Avvolgo le mie braccia intorno al suo collo e lui mi stringe la vita, mi sorregge, con delicatezza, come fossi un esserino pronto a rompersi.

Respiro il suo profumo, sento la sua pelle calda e il suo cuore, quello ora lo sento più che mai.

Tutum tutum, tutum tutum, tutum tutum.

Chiudo gli occhi, poggio la mano sul suo petto, lo sento palpitare, lo sento vivere.

Lui ha qualcuno per cui vivere.

Mi sento triste. Senza cuore ci si può sentire triste? Però, lo sento. È come una stretta, un'oppressione, il respiro si ferma.

Non sono io la ragione per cui lui vive.

Posso essere così egoista da ignorarlo solo per adesso?

- Ti amo. - mi sento sopraffare dalla tristezza, le lacrime mi scendono dagli occhi senza che nessuno gli abbia dato il permesso - Ti amo, ti amo tanto. Perdonami. -

Lui mi allontana da sé. Lo sapevo, ho osato troppo, ma dovevo almeno provare.

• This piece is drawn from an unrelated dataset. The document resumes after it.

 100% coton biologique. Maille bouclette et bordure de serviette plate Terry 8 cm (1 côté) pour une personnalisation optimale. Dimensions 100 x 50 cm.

Fruga nelle sue tasche, ne estrae qualcosa di luccicante, l'appoggia sul palmo della mia mano ed io l'osservo.

È un cuore. Un piccolo cuore d'argento, pieno di graffi, con una decorazione floreale sul davanti.

È il mio cuore.

- Questo... -

- E' tuo, ti appartiene. -

Guardo il piccolo cuore, poi i suoi occhi intensi.

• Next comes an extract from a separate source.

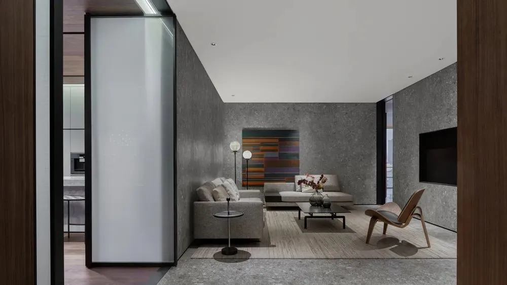业主的私人公寓延续了办公空间精致、简约的设计语言。屏风、玄关柜、开放式西厨彼此相连又互不打扰,起居室与书写区由同一面背景墙界定。主卧室位于最私密的位置,烤漆板与手工地毯形成了有趣的对比,配合隐藏在平面、立面中的尺度和比例呈现了一个舒适的空间。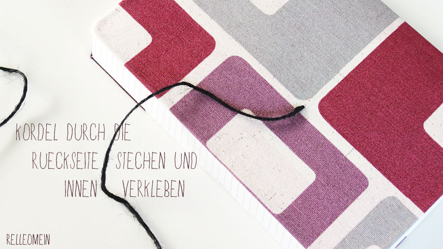 Auf der Rückseite des Notizheftes bringst Du die Kordel an. Dazu stichst Du ein Loch in den Einband und fädelst die Kordel hindurch. Auf der Innenseite klebst Du ungefähr vier Zentimeter der Kordel fest. Aussen sollte die Kordel so lang sein, dass Du sie anderthalb mal um das Notizheft wickeln kannst. Auch hier klebst Du die letzte Seite des Heftes bzw. ein Stück Papier innen auf den Einband um die Kordel zu verstecken.

- No...no... - la mia voce sembra un urlo di dolore - ...no, è tuo... -

Tom mi mette al collo il ciondolo.

- Credimi, ti appartiene. - mi solleva il viso con due dita, mi osserva, mi studia, cerca qualcosa di cui né io né lui conosciamo l'esistenza, ma continuiamo a cercarla. Si avvicina, candido, e mi poggia un soffice bacio sulle labbra - Adesso svegliati. -

- Svegliarmi? -

All'improvviso ho paura. Mi stringo a lui, il viso mi brucia, le lacrime sono diventate come pezzi di fuoco vivo.

- Fallo per me, svegliati. -

- Sono sveglia, sono sveglia. -

Ripeto, piangendo, stringendomi a lui che si fa sempre più inconsistente, sempre più freddo, la sua pelle diventa più pallida, più trasparente.

- Svegliati. - mi da un altro bacio, un bacio così intenso che potrebbe uccidermi - Svegliati. -

 

E io mi sveglio.

Mi sveglio.

Mi sveglio sul mondo, sulla vita, sulla mia esistenza.

Mi sveglio davvero.

La prima cosa che sento, è l'urlo di mia madre, e improvvisamente nel mio campo visivo non c'è altro che lei. Il profumo che lascia sul suo cuscino, i capelli ricci e gonfi come una montagna d'oro castano, le sue lacrime. Solo lei. La mia mamma.

Le braccia pesano una tonnellata, non riesco a controllarle. Con enorme sforzo l'avvolgo con un braccio, timidamente, come se non fossi certa di quello che sto facendo.

Non riesco a capire cosa dice, le parole sembrano un lamento continuo e insensato tra le lacrime e i singhiozzi.

Poi sento “sei viva”. Solo quelle due parole.

Sei viva.

Mi danno la dimensione dell'universo.

Sono viva. Respiro, il mio cuore batte.

Che vuol dire che sono viva?

Vuol dire che posso ancora vivere per qualcuno.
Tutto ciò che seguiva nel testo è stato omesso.